She knows so much more than I thought

Don’t get too excited. I Photoshopped this photo to make her sitting unassisted 🙂

Grace seems so grown up lately. And suddenly, we’re becoming aware of her sense of knowing. She knows so much more than we thought she did. She knows her name, she knows when it’s time for a meal. She knows what we’re saying.

The other day we took the kids swimming. I was working with her legs against the side of the pool and we had our back to the kids who were splashing, shouting, playing. Elijah was behind us talking and she didn’t take any notice but when he said “Grace, look!” She instantly turned her head right around in his direction in response.

That same morning, Steven came into the living room and laid on the floor with her for a cuddle.
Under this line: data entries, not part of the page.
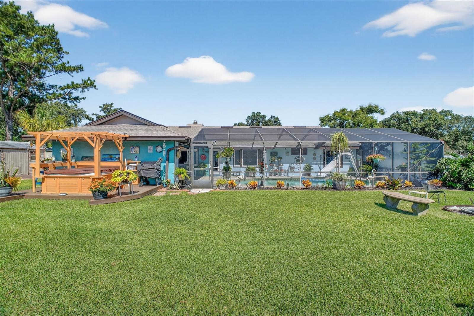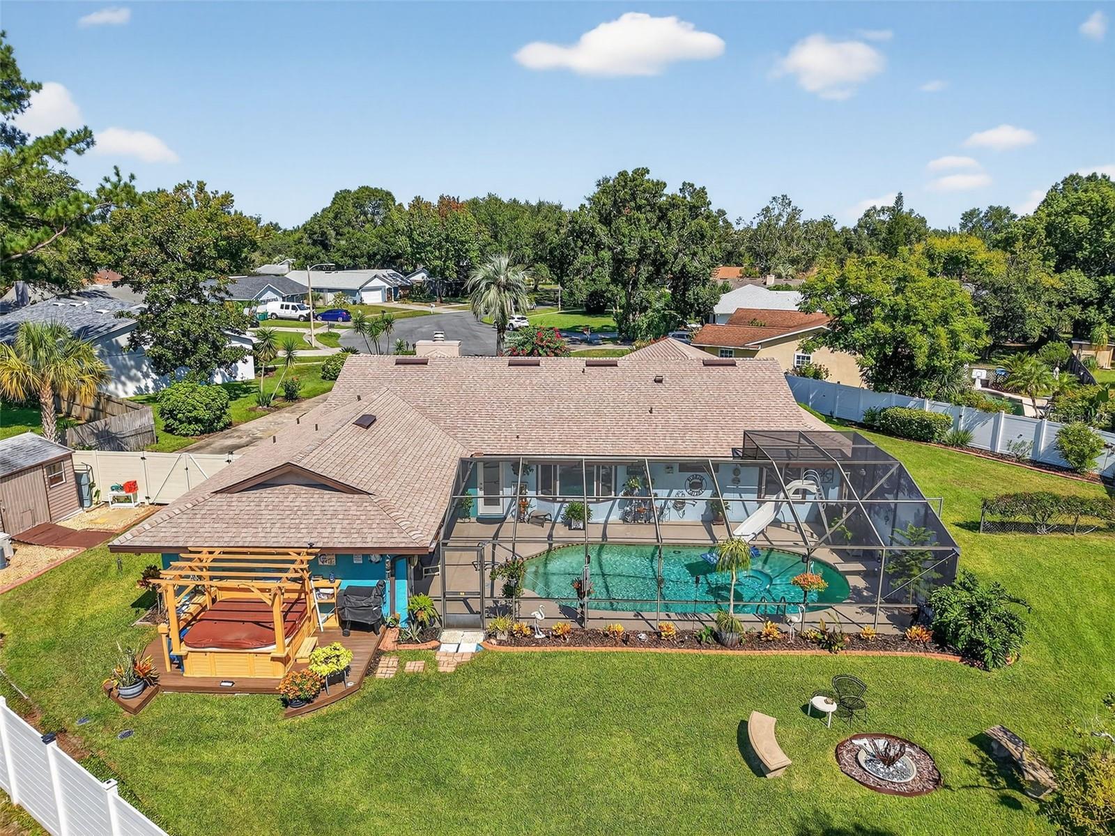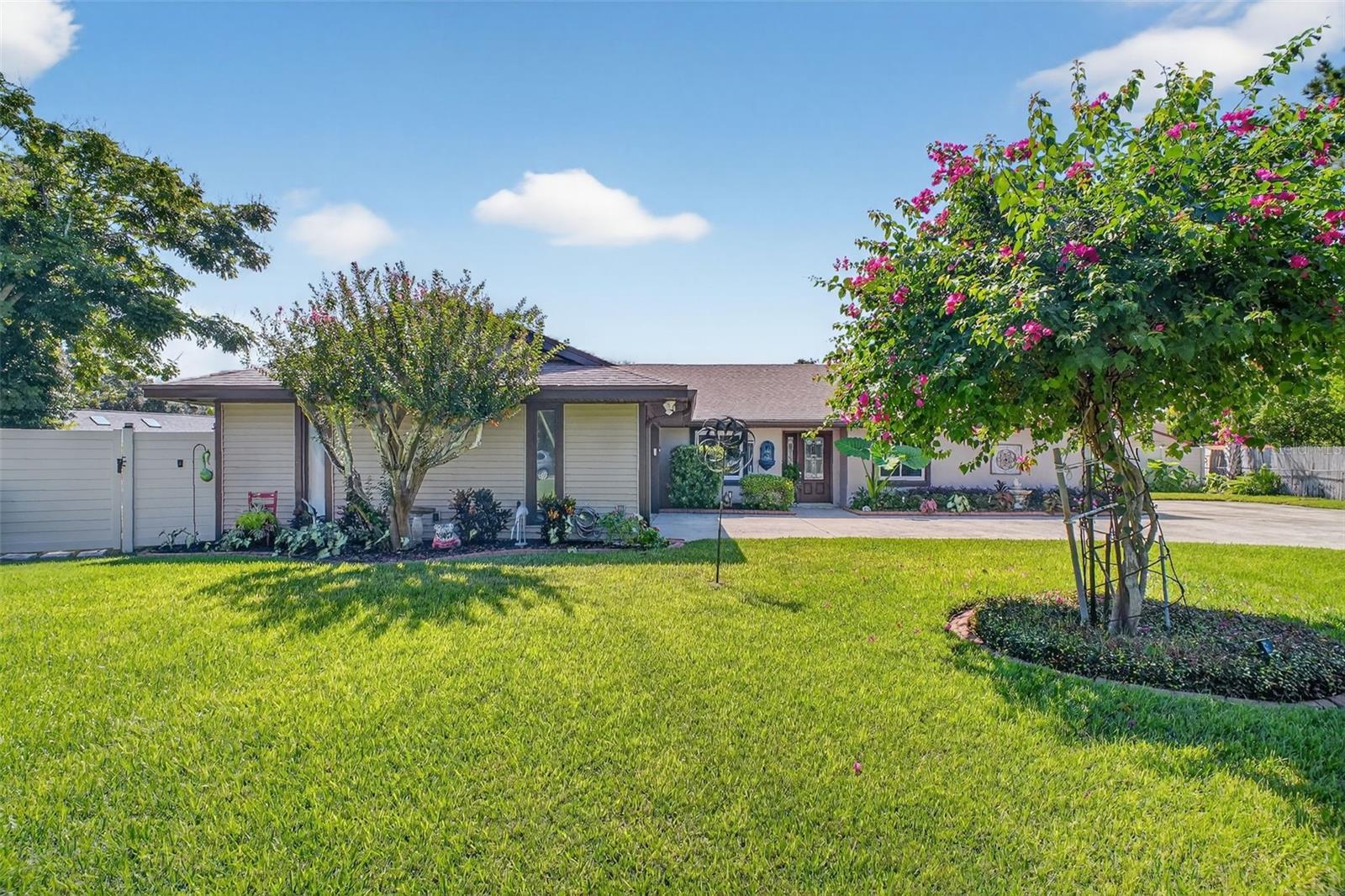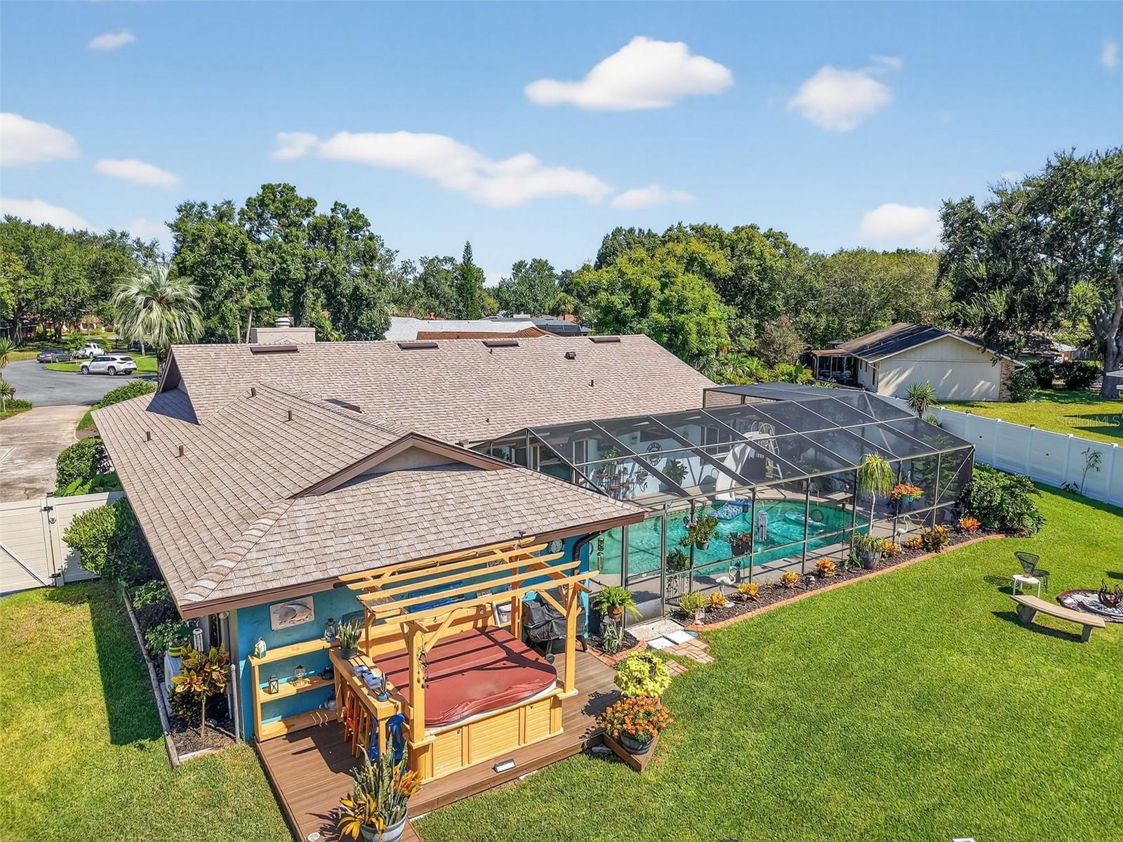 Under contract-accepting backup offers. GORGEOUS 4 BEDROOM 3 BATH POOL HOME WITH OVERSIZED FENCED YARD IN DESIRABLE VILLAGE GROVE COMMUNITY OF MOUNT DORA. Tucked away in a peaceful cul-de-sac, this stunning property perfectly combines privacy, elegance, and everyday convenience—creating a true move-in-ready paradise. Lovingly maintained and thoughtfully updated, this home features a new roof and water heater (2024) and new A/C (2021) for peace of mind. From the moment you arrive, the impressive curb appeal shines with manicured landscaping and a lush green lawn framing the attractive exterior. The expansive driveway, extended parking pad, and side-entry 2-car garage provide abundant space for family and guests, while the double-gated side entry allows easy oversized access to the backyard. Step through the elegant leaded-glass front door into an open, inviting interior highlighted by vaulted ceilings, abundant natural light, and rich hardwood flooring. The front living room, featuring a cozy wood-burning fireplace, and the adjacent formal dining room create perfect settings for entertaining and holiday gatherings. A large case opening and expansive glass slider seamlessly connect the living and family rooms—ideal for casual movie nights or relaxed everyday living. The sophisticated kitchen is beautifully appointed with custom cabinetry, built-in pantry storage, soft-close drawers, gleaming granite countertops, and upgraded stainless steel appliances, including a French-door refrigerator. A dedicated coffee/beverage station and cheerful dining nook offer stunning views of the pool and backyard oasis. A triple-split bedroom layout ensures privacy for all. The primary suite, tucked off the living room, features warm wood floors, large windows, a walk-in closet, and an updated en-suite bath with a tiled shower, built-in storage, and a stylish vessel sink. Off the dining room, two guest bedrooms share a beautifully updated bath with a tiled tub/shower. A private guest or Mother-In-Law Suite sits at the rear of the home—complete with a spacious bedroom (with mini-split A/C), full tiled bath with separate water heater, and direct access to the pool lanai through a private door. The garage impresses with epoxy flooring, built-in cabinetry, a work counter, sink, and laundry area—ideal for hobbies or organization. Step outside and discover your Florida lifestyle at its best! The screen-enclosed pool area features a covered lanai for outdoor dining or lounging, while the sparkling pool with slide promises endless fun. The expansive fenced backyard is a showstopper with a sun deck and hot tub, Jasmine-covered arbor with swing, firepit area, and storage shed—a true retreat for relaxation and entertaining. All of this in an ideal location close to dining, shopping, medical facilities, movie theaters, and historic downtown Mount Dora. This property offers the complete package—space, style, and a serene setting in one of Mount Dora’s most sought-after communities.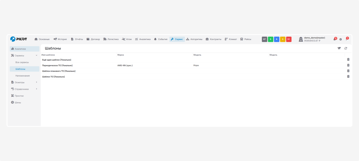 Во вкладке «Шаблоны» хранятся все сохранённые шаблоны сервисного обслуживания. Шаблоны помогают быстро создавать новые записи о сервисе, не заполняя всю информацию заново.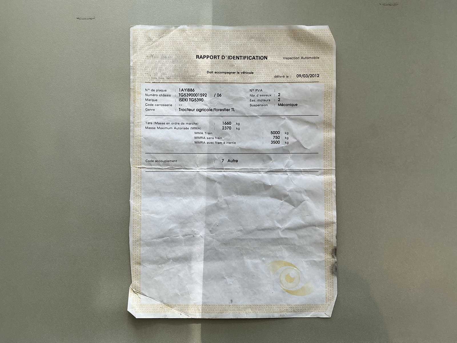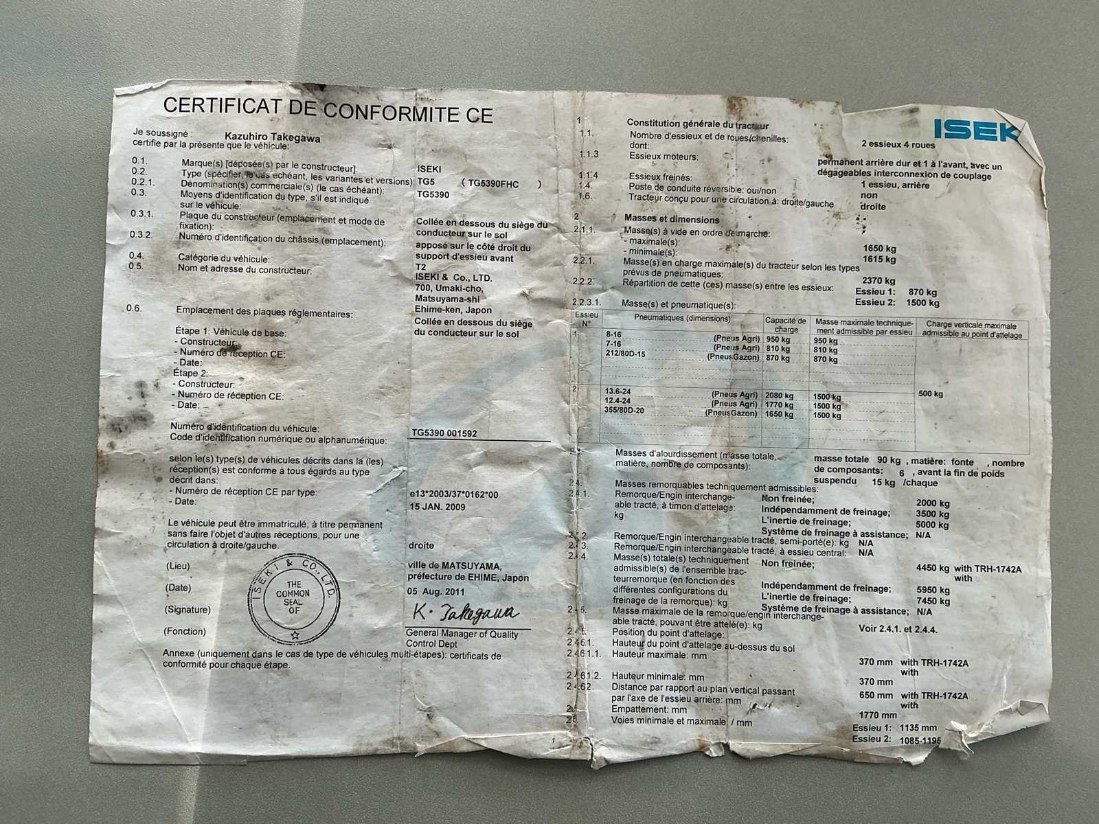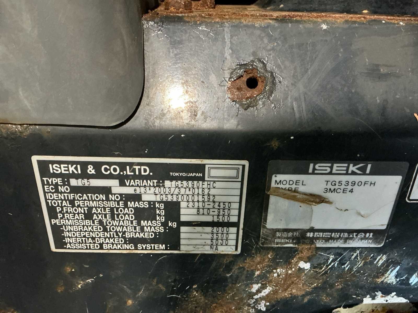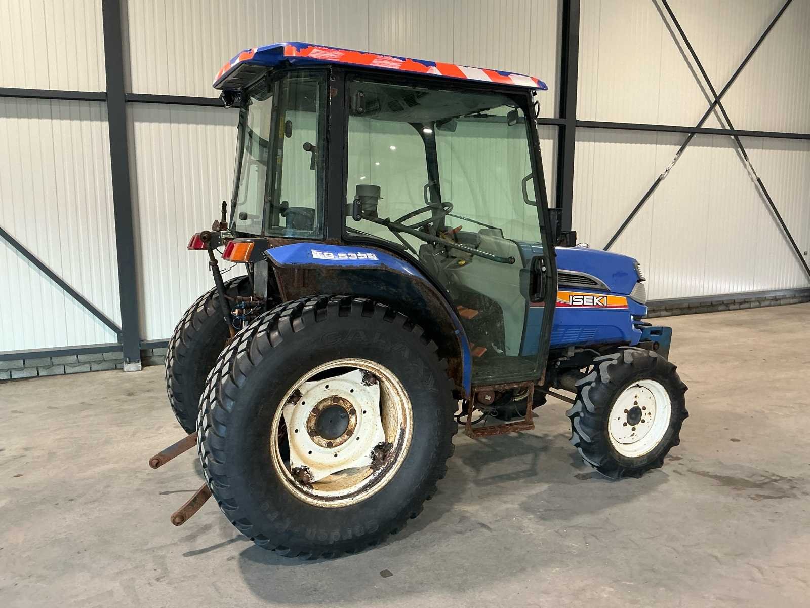 Voorzien van: dieselmotor, gesloten cabine, airco, verwarming, frontgewichten, 3punts hefinrichting achterzijde, aftakas achterzijde, hydraulische ventielen achterzijde, verlichting, hydrostatische versnellingsbak. Nee Merk: Iseki Type: TG5390 Bouwjaar: 2012 Chassisnummer: TG5390001592 Motorvermogen (kW): 30kW Afgelezen urenstand: 3406 Versnellingsbaktype: Hydrostatisch Bandenmaat voor: TR-144 Bandenmaat achter: 380/70R24 Aantal hydraulische ventielen achter: 4 Frontgewichtenset: true Totale afmeting L: 3200mm Totale afmeting Breedte: 1600mm Totale afmeting Hoogte: 220mm Kentekenpapieren compleet?: true Nationaliteit documenten: België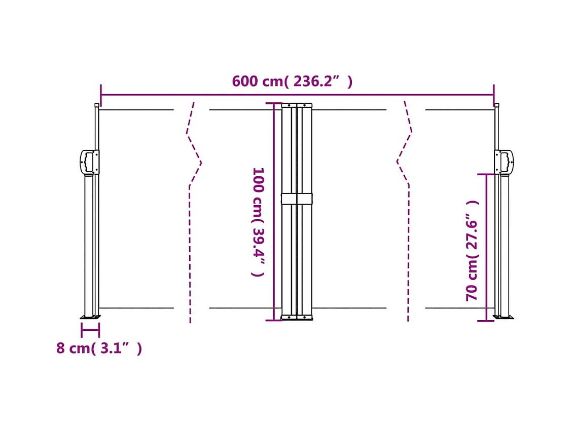 Toldo lateral retráctil marrón 100x600 cm ES42197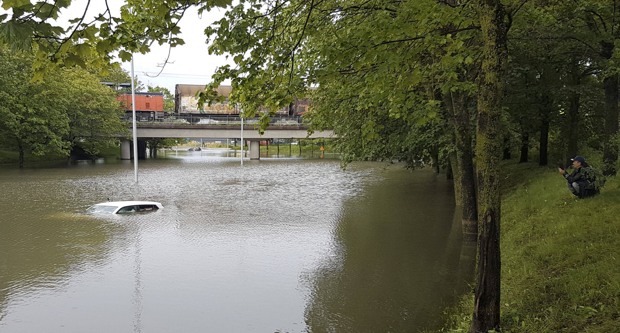 – Det var en uppmaning att hålla sig inne. Men i morse blåste de av VMA, och en hel del tänkte att det då nog gick att köra bil, men det gick ju inte. Det är meterhögt vatten under många viadukter, säger Niclas Sandström.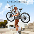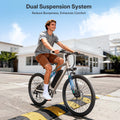 The 100mm front + 150mm rear full suspension absorbs bumps from speed bumps and uneven roads, making your city commute smooth, comfortable, and effortless.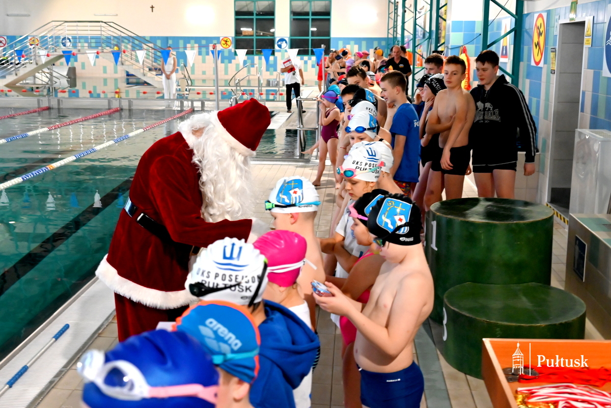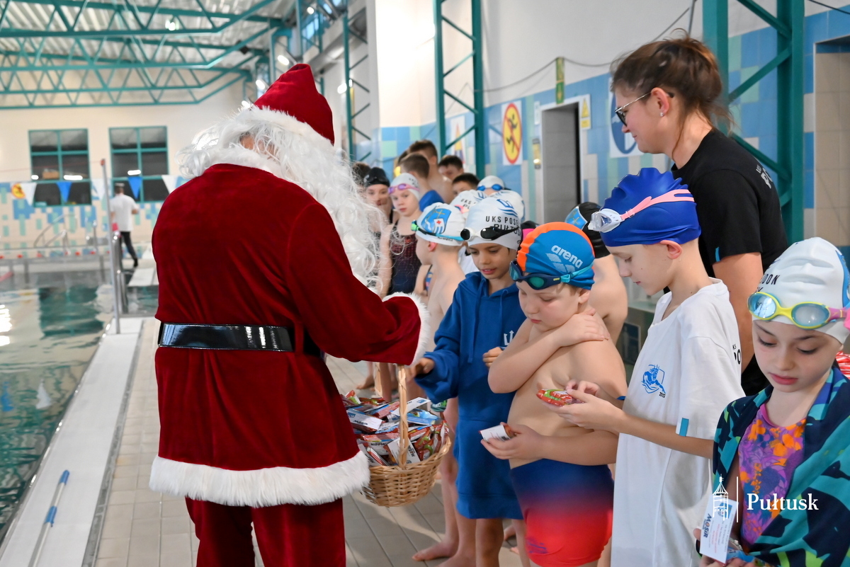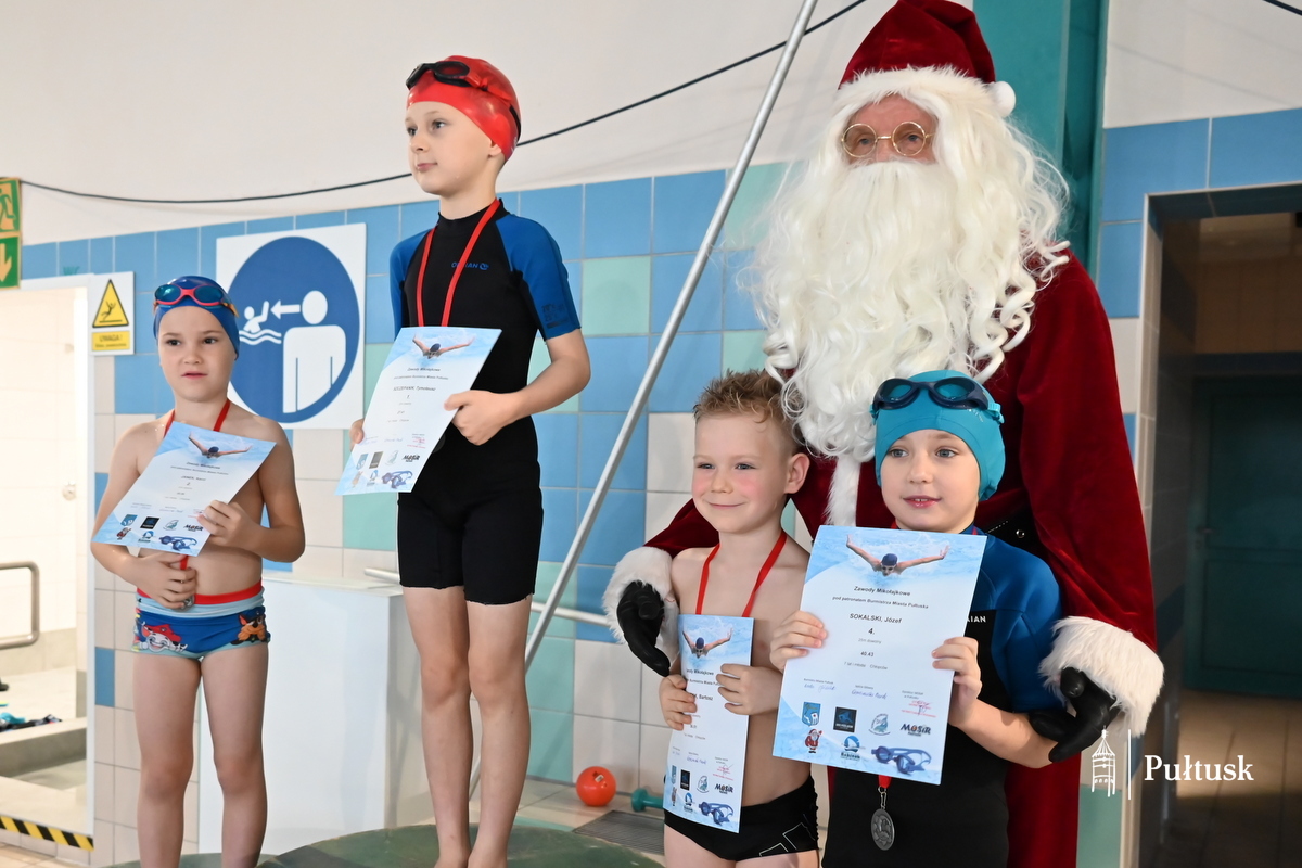 W sobotę, 13 grudnia 2025 r. na pływalni miejskiej w Pułtusku ponad 70 dzieci wzięło udział w kolejnej edycji Mikołajkowych Zawodów Pływackich. Zawody pod patronatem Burmistrza Miasta Pułtusk zostały zorganizowane przez  Miejski Ośrodek Sportu i Rekreacji w Pułtusku, UKS Posejdon, Szkołę Pływania Rekinek oraz Szkołę Pływania Delfin.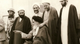امام خمینی(ره) در حاشیه یکی از دیدارهای عمومی در پشت بام منزل محل سکونت

She lifted her arm, plopped it onto his shoulder, looked him in the eye and whispered ‘Dada’. And now that we’re more attentive about looking for signs of understanding, I’m beginning to see her saying Dada a LOT. Her mouth says it all the time and in times where she’s actually sitting with him when it would be appropriate for her to say it. It’s just that the sounds don’t come out very often.

And I’m finding that the more we treat her like she knows everything an able child her age knows, the more we realise that she actually does. You know, older girls with RS know things like how to spell their name. You just have to work out communication systems like eye pointing and take advantage of communication devices to give them a voice.

It’s conflicting for me, though. Somehow, when I thought she would never have a clue, it was easier for me to accept her disability. But now that we’re meeting other girls who are older, in addition to our recent experiences with Grace, it makes Rett Syndrome much more of an enemy than ever before. It’s devastating to know that Grace is thinking things, knowing things and wanting things but trapped in her own body, unable to voice them or even do something so simple as reach out for a cookie when inside, she’s screaming that she wants it. I guess I will never be at a loss for pains and emotions I have to continually give up to God. He has a plan for Grace, I know that very well.